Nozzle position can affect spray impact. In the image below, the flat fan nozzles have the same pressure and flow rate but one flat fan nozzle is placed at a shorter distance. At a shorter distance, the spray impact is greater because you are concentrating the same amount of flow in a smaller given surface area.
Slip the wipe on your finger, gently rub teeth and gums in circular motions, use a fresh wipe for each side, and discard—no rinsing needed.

==

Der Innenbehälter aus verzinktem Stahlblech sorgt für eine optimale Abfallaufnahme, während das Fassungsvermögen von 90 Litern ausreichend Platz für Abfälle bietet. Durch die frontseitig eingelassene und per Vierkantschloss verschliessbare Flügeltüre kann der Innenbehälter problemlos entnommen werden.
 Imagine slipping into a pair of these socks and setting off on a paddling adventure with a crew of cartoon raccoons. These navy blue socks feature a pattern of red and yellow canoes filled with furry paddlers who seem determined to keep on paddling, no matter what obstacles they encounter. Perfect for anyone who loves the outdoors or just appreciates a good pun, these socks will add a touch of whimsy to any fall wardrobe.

---

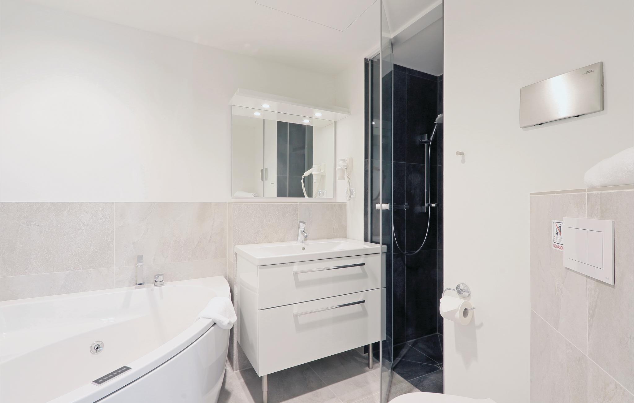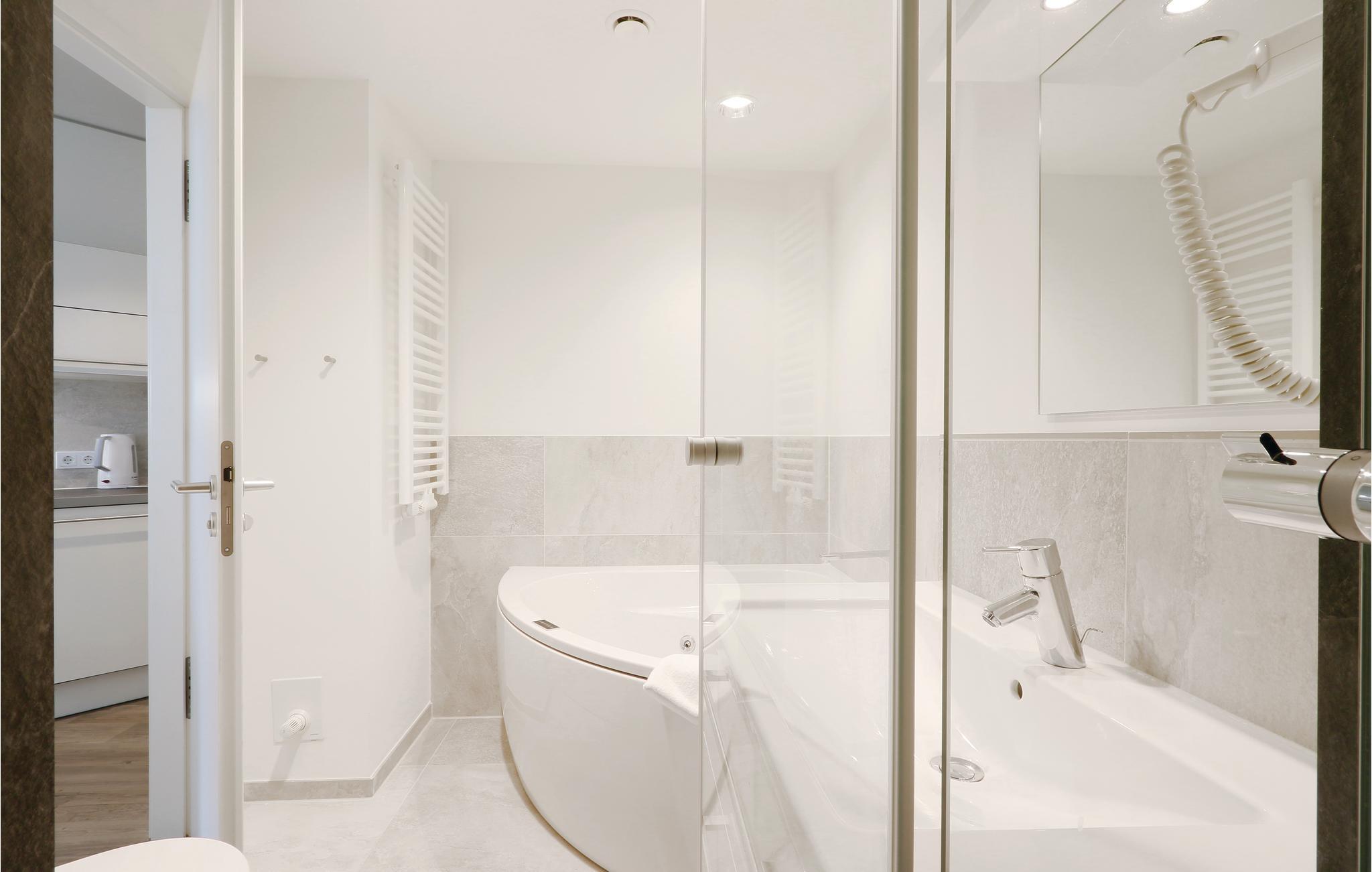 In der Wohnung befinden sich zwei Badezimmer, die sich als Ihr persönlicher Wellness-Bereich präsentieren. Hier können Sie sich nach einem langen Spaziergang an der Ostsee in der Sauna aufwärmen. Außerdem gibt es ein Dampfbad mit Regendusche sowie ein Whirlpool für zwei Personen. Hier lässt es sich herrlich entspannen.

WHAT THE TASK ASKS:
Everything from the line containing "Nozzle position can" through the line containing "Slip the wipe" in the material above should be retyped exactly, both ends included, and nothing more.

EXERCISE OUTPUT:
Nozzle position can affect spray impact. In the image below, the flat fan nozzles have the same pressure and flow rate but one flat fan nozzle is placed at a shorter distance. At a shorter distance, the spray impact is greater because you are concentrating the same amount of flow in a smaller given surface area.
Slip the wipe on your finger, gently rub teeth and gums in circular motions, use a fresh wipe for each side, and discard—no rinsing needed.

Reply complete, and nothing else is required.